Segundo Ahmed, o veículo tem uma estrutura em quatro camadas: uma equipe local de investimentos responsável pela captação, um comitê de investimentos de profissionais de VC, um comitê consultivo que conecta expertise global ao conselho e o conselho de diretores representando os bancos acionistas.

A BSIC já começou a preencher essas funções. Dinar Ahmed, sócio da BDC Capital, do Canadá, entrou no comitê de investimentos, enquanto Sami Ahmad, sócio-gerente da B Capital de Eduardo Saverin, entrou no conselho consultivo.

O processo de investimento visa proteger as decisões das pressões políticas que historicamente complicaram o capital próximo ao Estado em Bangladesh. Amir Khasru Mahmud Chowdhury, ministro das Finanças do país, destacou no lançamento que a BSIC não seria sujeita a interferência política.

Desafios e perspectivas

Trânsito em Dhaka / Crédito da foto: SK Hasan Ali / Shutterstock

Uma startup de Bangladesh que conseguiu atravessar a lacuna de financiamento é a Pathao, empresa de logística e de transporte por aplicativo. Ela levantou US$ 12 milhões em uma rodada de pré-Series B liderada pela firma de VC VentureSouq, com sede em Dubai.

Tammer Qaddumi, cofundador e sócio-gerente da VentureSouq, mostrou apoio amplo à iniciativa da BSIC, mas apontou dois riscos. O primeiro é a disciplina de seleção. “O que você não quer que isso seja é um direito para qualquer pessoa que queira abrir uma empresa”, disse. “As pessoas que chegam até o fundo não devem tratá-lo como uma agência governamental obrigada a lhes dar dinheiro.”

O segundo é estrutural. Retornos de venture exigem uma saída, e os bancos que apoiam a BSIC podem eventualmente se ver como acionistas em empresas que desestabilizam seus próprios negócios. “Na verdade, estamos tentando encontrar empresas que vão tomar participação de mercado desses stakeholders”, destacou Qaddumi. “Essa tensão vai ser algo muito, muito difícil de administrar.”

Para fundadores no país, o que a BSIC sinaliza importa tanto quanto o capital.

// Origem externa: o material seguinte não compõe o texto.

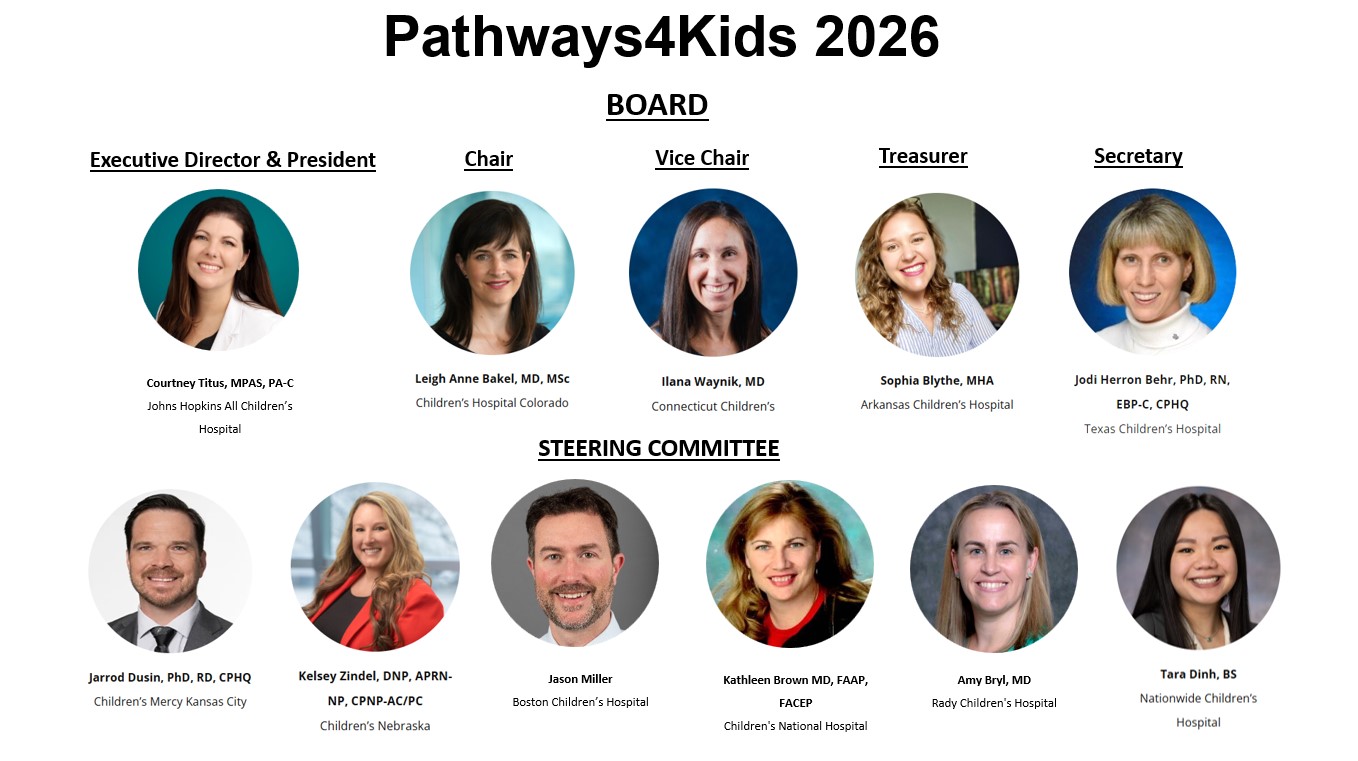 We are a nonprofit made up of hundreds of pediatric healthcare professionals from over 50 children’s hospitals across the nation and Canada who develop and implement evidence-based clinical pathways.

Shahir Chowdhury, fundador da startup de edtech Shikho, que atualmente está levantando sua rodada de Series A, disse: “Acho que isso pode atuar como um catalisador para fazer muitos capitalistas de venture estrangeiros olharem para empresas da Series A. Se os 10 a 12 de nós que estão prontos para a Series A conseguirem financiamento, isso cria esse impulso.”

Perguntas frequentes

O que é BSIC e por que foi criada?

Bangladesh Startup Investment Company (BSIC) é um fundo de venture de US$ 35 milhões lançado por 39 bancos comerciais de Bangladesh para enfrentar a falta de financiamento institucional local para startups na fase de late-seed até Series A. Foi criada sob a orientação do Bangladesh Bank para consolidar a exigência de alocação de 1% do lucro líquido que bancos foram obrigados a destinar ao financiamento de startups desde 2021, o que antes deixava o capital fragmentado entre dezenas de instituições.

Quando a BSIC começará a fazer investimentos?

O fundo inaugural da BSIC, Onkur, deve fazer seus três primeiros investimentos no quarto trimestre de 2026.

Quais são os principais riscos enfrentados pela BSIC?

Segundo Tammer Qaddumi, cofundador da VentureSouq, dois riscos-chave são a disciplina de seleção—garantir que o fundo não vire um “direito” para qualquer fundador de startup—e a tensão estrutural, já que os bancos que apoiam a BSIC podem eventualmente se tornar acionistas de empresas que desestabilizam seus próprios negócios.